* **Task brief**
Please give back the listing below word for word and drop any images.
### Dataset content
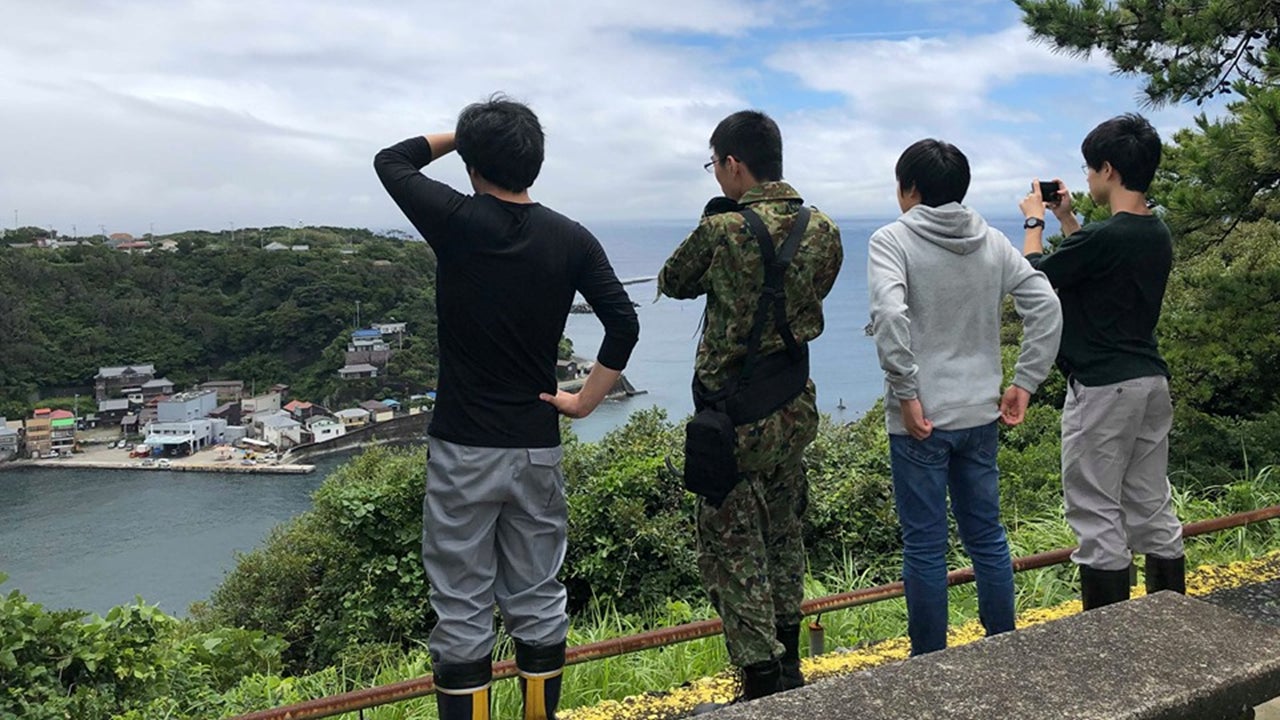 また事業活動の一環として、➡ゼロ高等学院の生徒たちを大島に受け入れ、「島体験留学」の実施を始めました。(ゼロ高生徒と、島の港を眺める。)
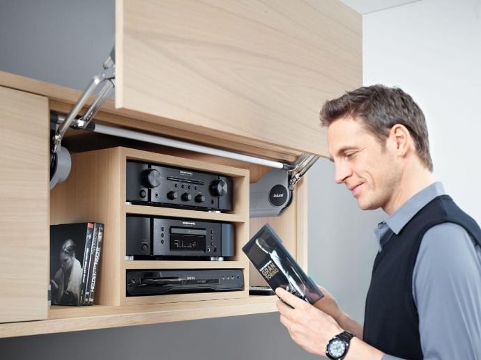 abierto solo requiere poco espacio hacia arriba. AVENTOS HK de BLUM sale por
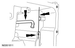 6. NOTICE: Make sure the park pawl actuator rod does not become disengaged from the park pawl and the abutment or the park pawl will not lock the output shaft and transaxle removal and disassembly will be required to reinstall the actuator rod.
######
* **Solution**
 また事業活動の一環として、➡ゼロ高等学院の生徒たちを大島に受け入れ、「島体験留学」の実施を始めました。(ゼロ高生徒と、島の港を眺める。)
 abierto solo requiere poco espacio hacia arriba. AVENTOS HK de BLUM sale por
 6. NOTICE: Make sure the park pawl actuator rod does not become disengaged from the park pawl and the abutment or the park pawl will not lock the output shaft and transaxle removal and disassembly will be required to reinstall the actuator rod.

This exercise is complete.